Arrivé à Moscou, mon point de vue sur les choses et les personnes et mes relations envers elles, se modifia encore plus sensiblement.

À la première rencontre avec grand’mère, quand j’aperçus sa figure maigre, ridée et ses yeux éteints, le sentiment de respect soumis et de crainte que j’éprouvais naguère pour elle, fit place à la compassion, et quand, laissant tomber son visage sur la tête de Lubotchka, elle sanglota comme si, devant ses yeux, était le cadavre de sa fille tant aimée, ma compassion se changea en un sentiment d’affection.

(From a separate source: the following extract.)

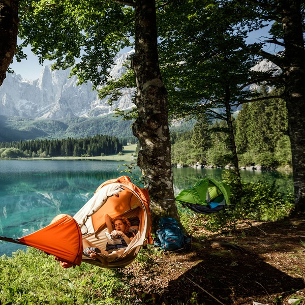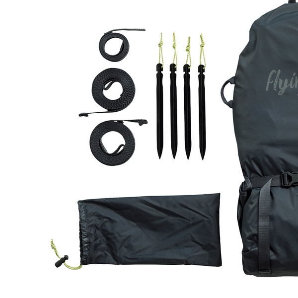 - Zubehör: 4 Zeltstöpsel, 2 Karabiner, 2 Baumgurte, 2 Gürtelschnallen
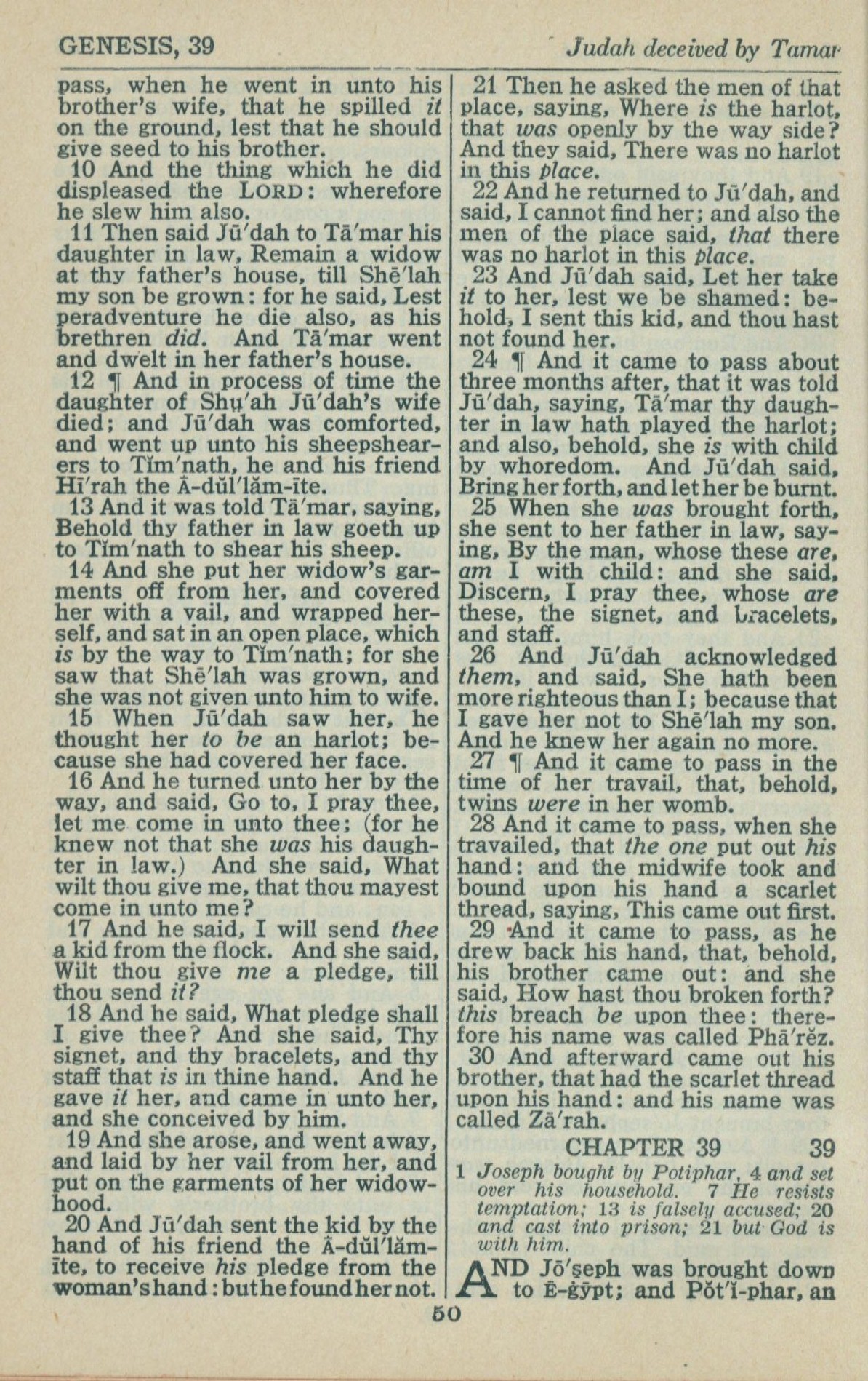 1946年King James Version 創世記 38 章 10 節到 39 章 1 節

Je me sentais mal à l’aise de son chagrin en nous revoyant, j’avais conscience que par nous-mêmes, nous n’étions rien devant ses yeux et que nous ne lui étions chers que par le souvenir, je sentais que dans chaque baiser dont elle couvrait mes joues, s’exprimait toujours la même pensée : elle est morte, je ne la reverrai plus !

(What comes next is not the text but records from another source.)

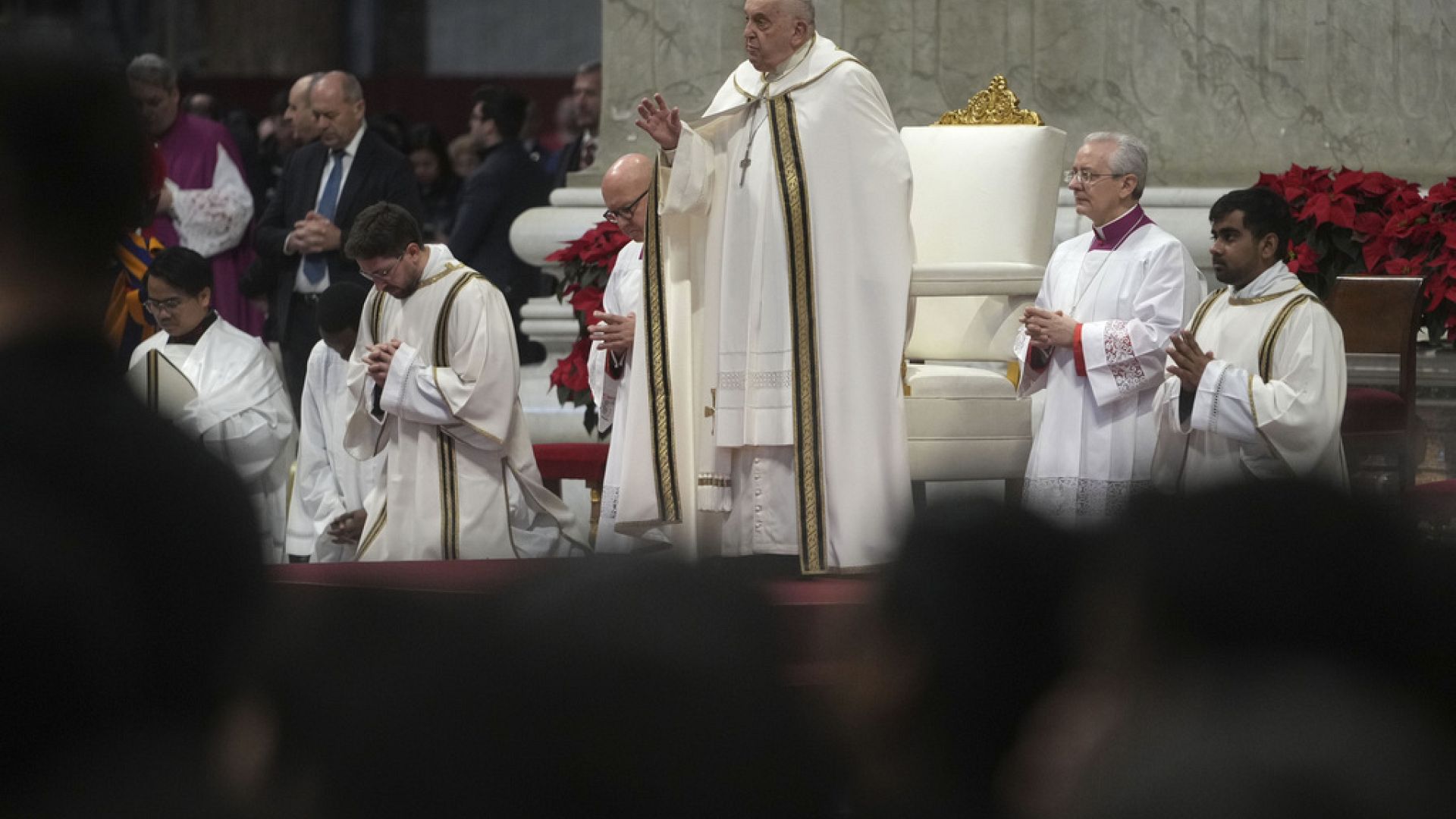 Vaticano / Si rompe il bastone mentre il Papa entra all'udienza generale: gli assistenti sostengono Francesco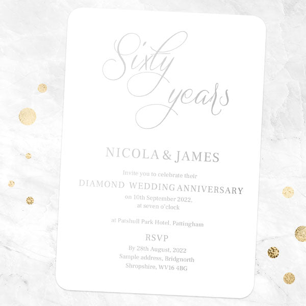 60th Foil Wedding Anniversary Invitations - Elegant Script - Pack of 10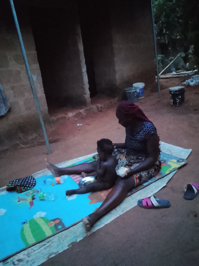 A woman and a young child are seated on a colorful mat outdoors. The woman, wearing a patterned top and a headscarf, is holding something in her hand. The child, who is not wearing clothes, sits next to her. Scattered on the mat are several plastic bottles and a polka-dotted bag. In the background, there's a simple building with dark doorways and some containers nearby. Slippers lie on the ground near the edge of the mat.

Papa, qui, à Moscou, ne s’occupait presque pas de nous, et le visage préoccupé ne se montrait parmi nous qu’à l’heure du dîner, en redingote ou en frac, avec de grands cols de chemise sortant du gilet, ou avec sa robe de chambre, des starosta, des intendants, avec ses promenades dans l’enclos et avec la chasse, perdit beaucoup à mes yeux. Karl Ivanovitch que grand’mère appelait diatka et qui subitement, Dieu sait pourquoi, avait eu l’idée de remplacer sa respectable tête chauve, que je connaissais si bien, par une perruque rousse avec une raie de fil presque au milieu de la tête, me semblait si bizarre et si ridicule que j’étais étonné de n’avoir pas remarqué cela plus tôt.

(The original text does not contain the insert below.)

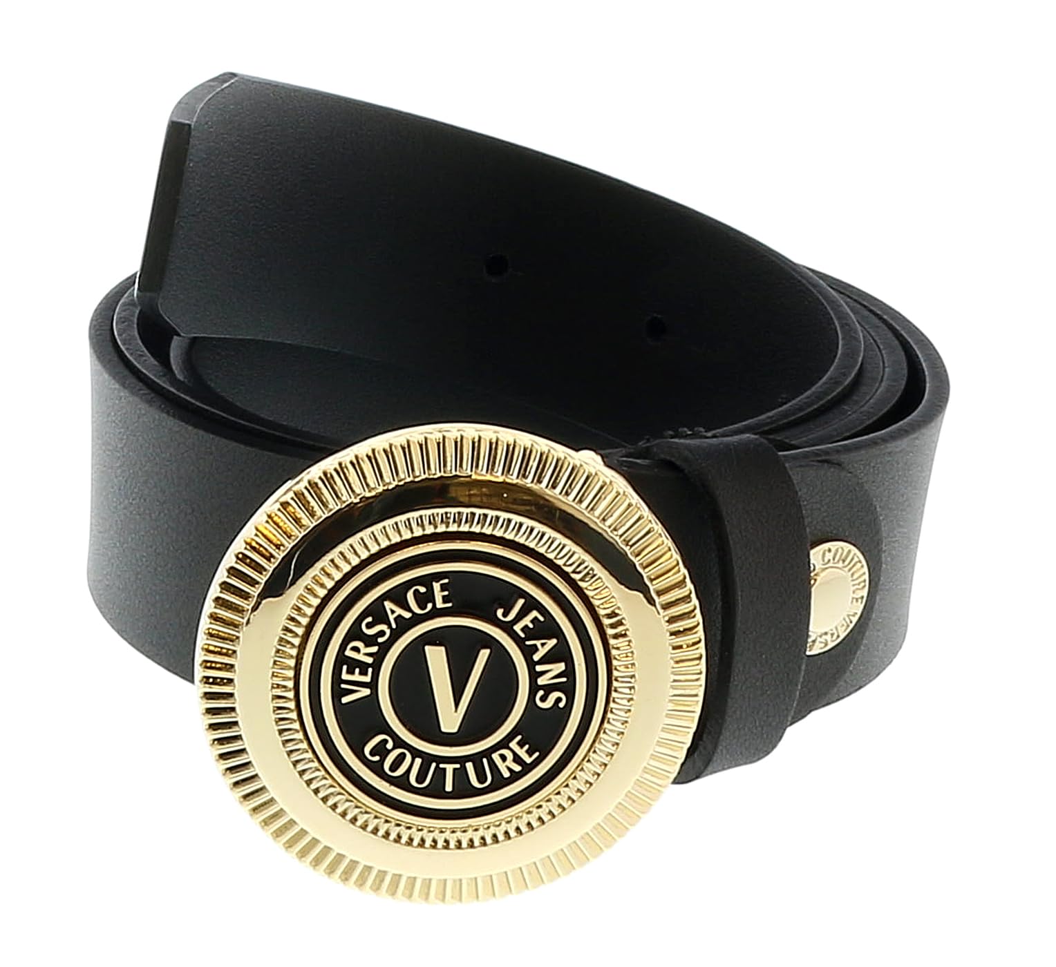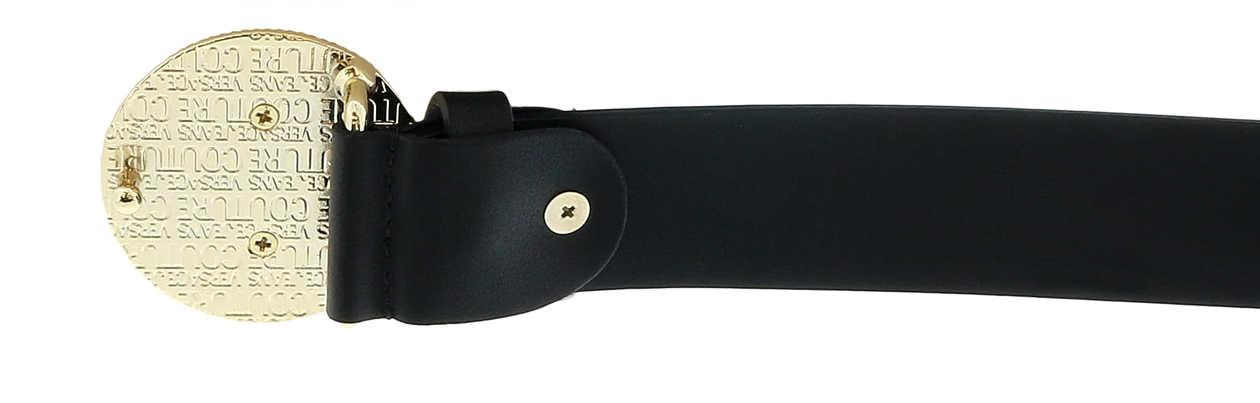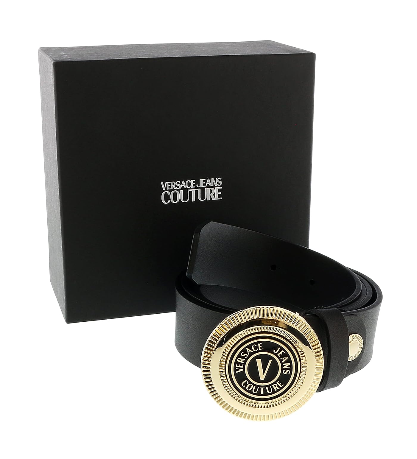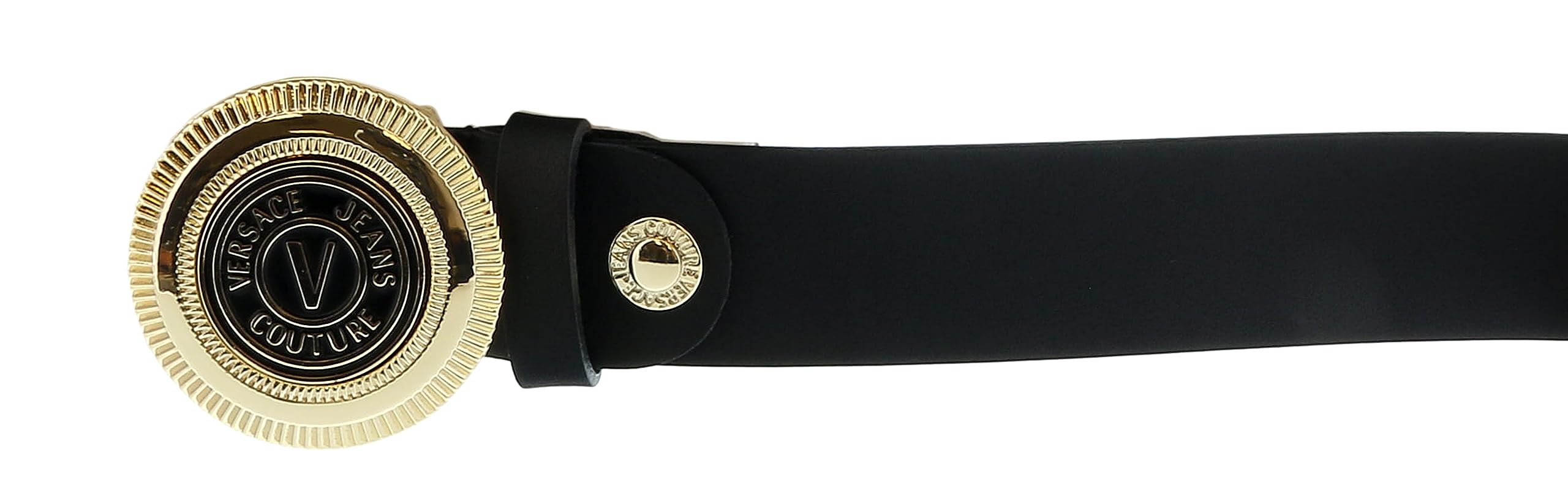Details: Belt by Versace Jeans Couture 100% Leather Gold Buckle Logo on metal buckle 3.5cm width Made in Italy 75YA6F08 71627 N77 EF

Entre les fillettes et nous s’élevait une sorte de barrière invisible. Chez elles, comme chez nous, il y avait des secrets à part, elles semblaient fières, devant nous, de leurs jupes qui devenaient de plus en plus longues, et nous, nous étions fiers de nos pantalons à sous-pieds. Mimi, le premier dimanche, vint dîner dans une toilette si pompeuse et avec tant de rubans sur la tête, qu’on voyait bien que nous n’étions plus à la campagne et que maintenant tout prendrait une autre tournure.